## Work instruction
Beginning with the line that contains "犹太教与跨宗教研究中心张志刚", retype the entries below exactly, ending with the line that contains "Deceased Name: Warney E. Sprouse". Leave out any pictures.

## Supplied data
****************

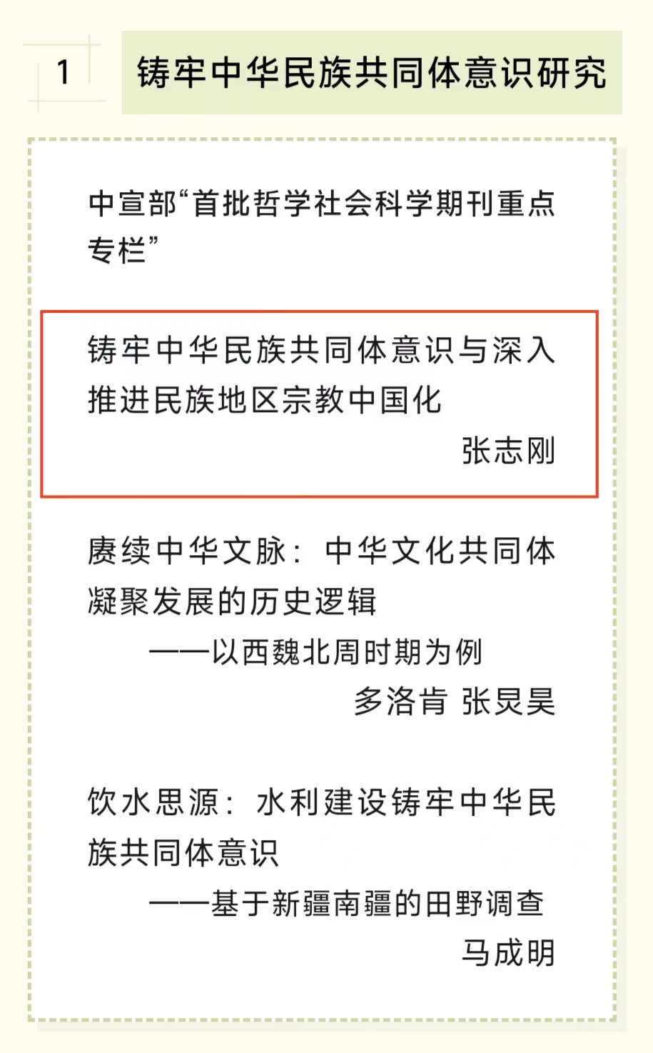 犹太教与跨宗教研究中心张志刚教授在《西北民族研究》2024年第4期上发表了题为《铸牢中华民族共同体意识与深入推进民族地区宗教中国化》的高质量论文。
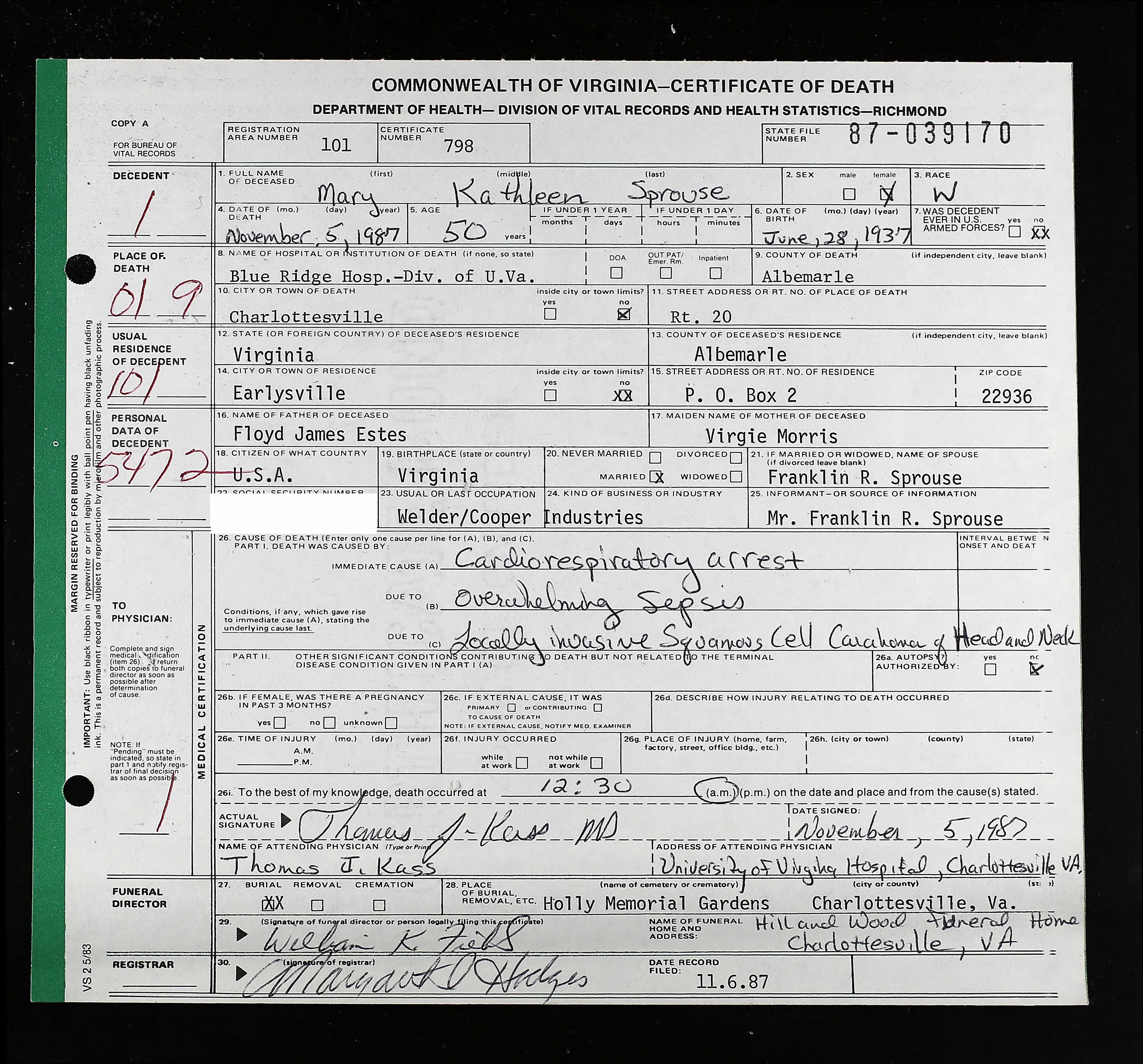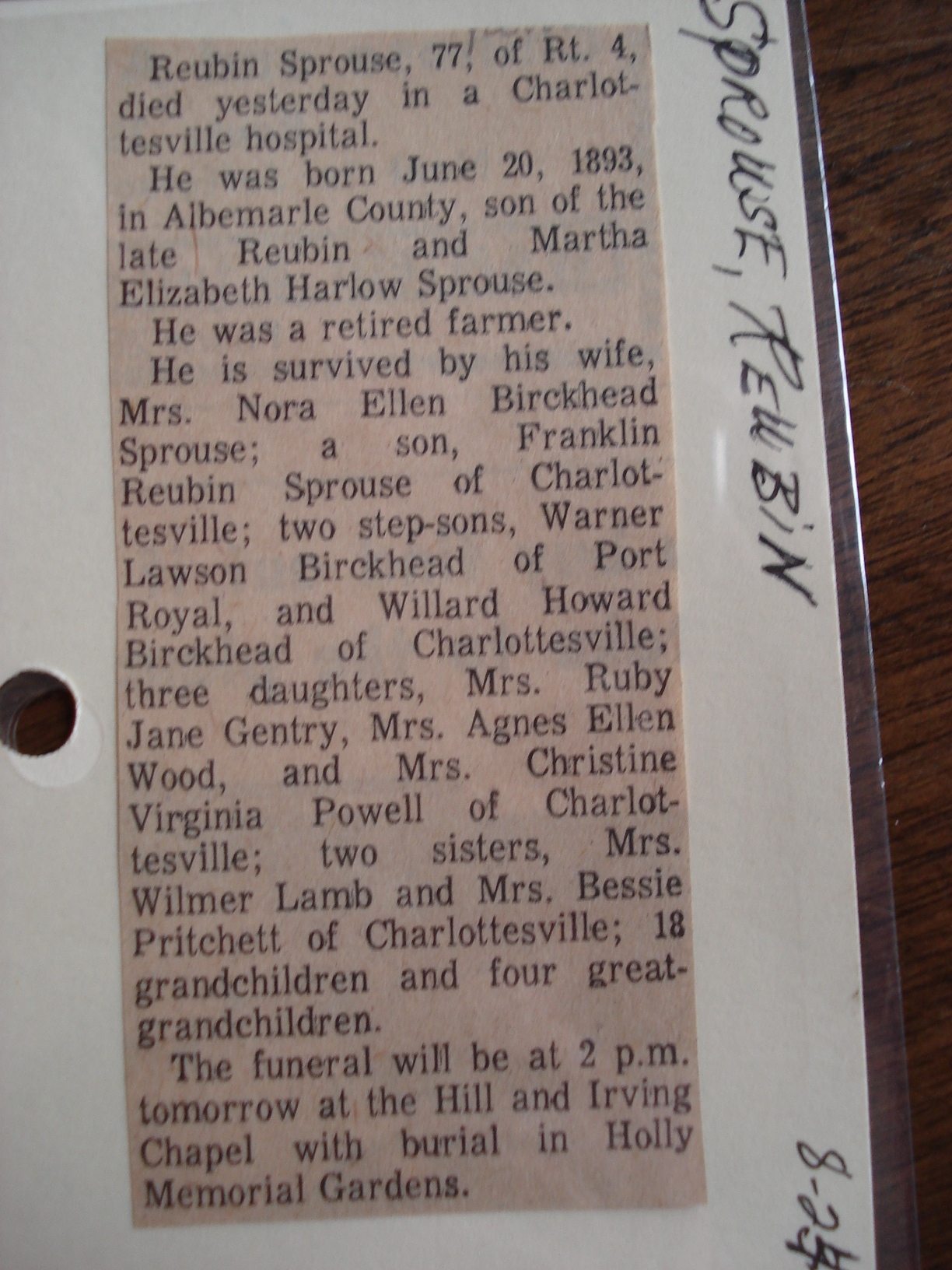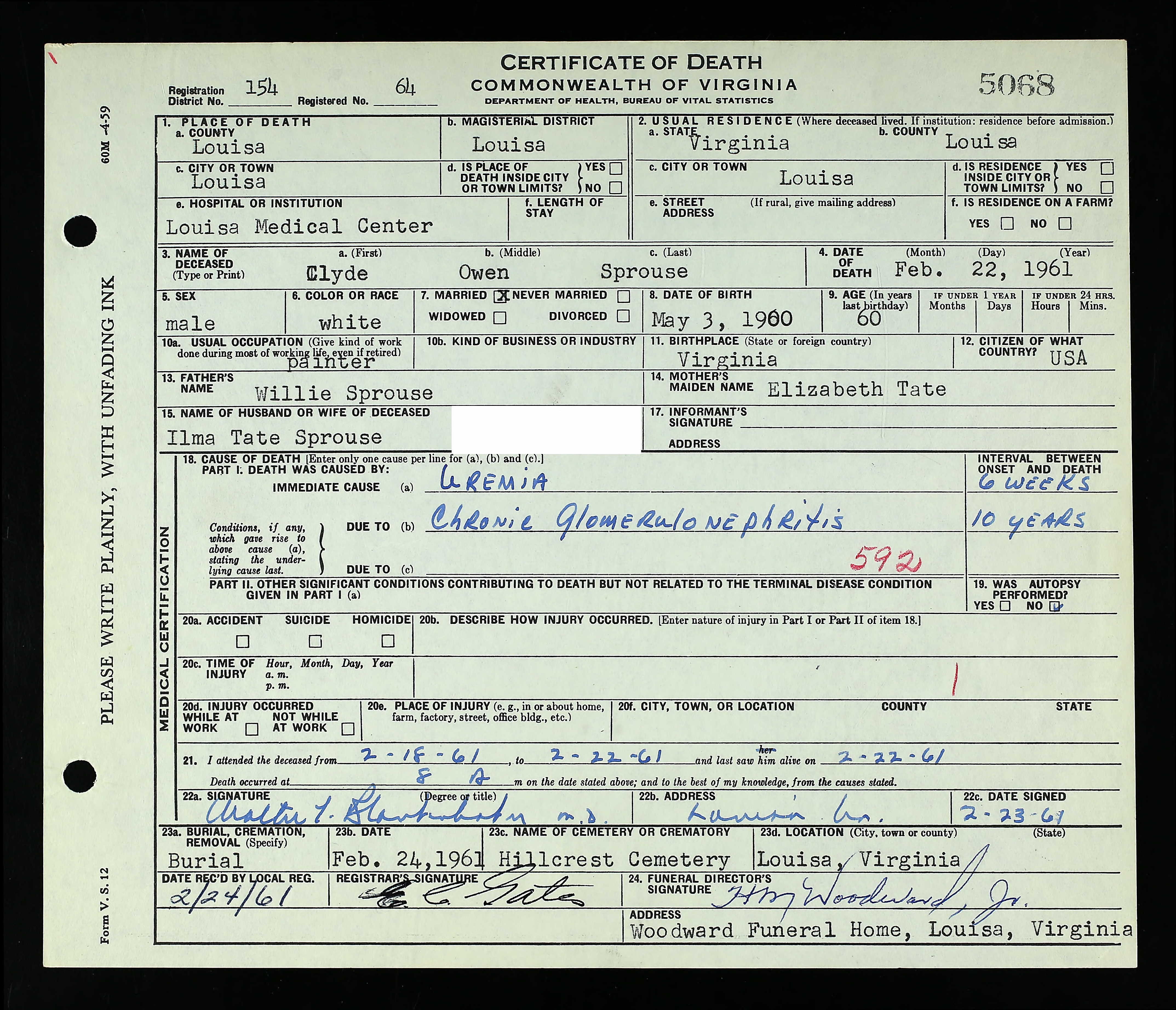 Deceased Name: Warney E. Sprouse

****************

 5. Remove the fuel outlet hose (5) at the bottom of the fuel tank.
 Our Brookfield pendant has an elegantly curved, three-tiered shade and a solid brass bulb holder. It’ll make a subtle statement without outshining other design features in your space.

****************

## Answer space
 犹太教与跨宗教研究中心张志刚教授在《西北民族研究》2024年第4期上发表了题为《铸牢中华民族共同体意识与深入推进民族地区宗教中国化》的高质量论文。
 Deceased Name: Warney E. Sprouse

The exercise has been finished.